If they are happy with their current position in the market, then they should do more legacy titles and kill the overhead as much as possible, because there will be a ceiling to their growth.
Yeah, there's one major major difference between a console exclusive and a PC exclusive. Console exclusives are bought, developed and paid for by the company and are used to push consoles. These are typically first party releases and exclusively funded by gaming companies themselves. For example, Death Stranding is a PS4 exclusive because Sony gave Kojima a pallet of cash and said 'Go wild'. Its meant to push the system. Same with Bloodborne.
The difference is Epic is basically using shady, underhanded, anti-consumer practices to create a false sense of competition to a demonstrably inferior product. Epic's store is a fucking joke and has so many security holes and flaws in it. It runs malware and whoever the fuck knows what else from a foreign country. It has no features. Reviews will be opt in. Its 'developer' (IE: Publisher) friendly. You REALLY think Ubisoft putting all its games on Epic and UPlay will go to better games? You're a fucking idiot if you think so.
More content is more content, I don't see why this is a major problem.
The animation market has been thriving due to the influx of Netflix money, projects that wouldn't have been green lit are being green lit now. New people are seeing (and accepting) Anime as a respectable medium.
I just wanna ask, what was Crunchyroll's motive to provide better service when they had all the animus? None. They just had to keep the servers up.
Again, you're using a false comparison. Netflix bought, paid for and are directly developing these projects.
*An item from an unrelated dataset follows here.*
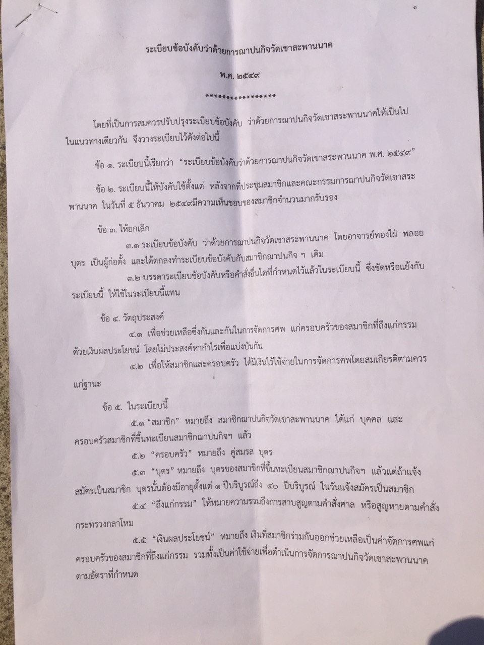 ระเบียบข้อบังคับว่าด้วยการฌาปนกิจวัดเขาสะพานนาค

It makes literal 0 sense for them to sell them elsewhere. They wouldn't have existed. These games existed, were funded and used Steam and GoG as advertising to build hype and then all of a sudden just go right to Epic. Epic had 0 investment in building these products. Netflix is involved at every level of production from these titles. It'd be like if Netflix spent all this money getting its subscribers hyped for a show and then when someone offered them a few million, they fucked their subscribers over and sold the show over to another, even worse service with less choices and more restrictions.
And you are seriously, seriously fucking delusional if you think this extra revenue is going anywhere bu the CEO's pockets. Anyone who thinks that Epic paying for exclusives is going to make better games is a fucking moron that hasn't been paying to the gaming industry in the last ten years. All of this money is going to go right to CEOs, shareholders and the like to increase dividends and stock value while keeping game development as cheap as possible.
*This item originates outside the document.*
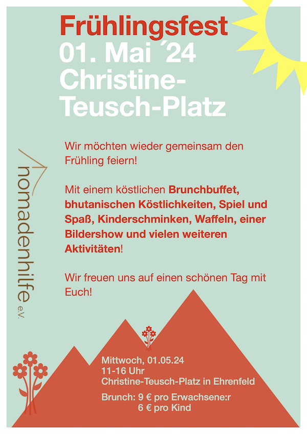 Das Fest findet am 01.05.2023 von 11 - 16 Uhr auf dem Christine-Teusch-Platz in Köln-Neuehrenfeld statt. Euch erwarten ein großes Frühlingsbrunch-Buffet mit Speisen aus aller Welt, Waffeln, Kaffee & Kuchen, Spiele & Bastelspaß für Kinder, Workshops und vieles mehr! In diesem Jahr ist auch ein Teil unseres Teams aus Bhutan vor Ort und kann euch über laufende Projekte und neue Ideen informieren.

I guarantee that promised 'Pheonix Point' exclusive DLC will be some cosmetic garbage and re-used assets for new 'missions', while the majority of the money is pocketed by the executives. Epic's entire strategy is to force people to use their store and hope that the free games make people buy other games. Its pushing as much money at the 'problem' as possible. Doing this means there is 0 incentive to make a better platform because you are effectively holding consumers hostage if you want to play certain titles.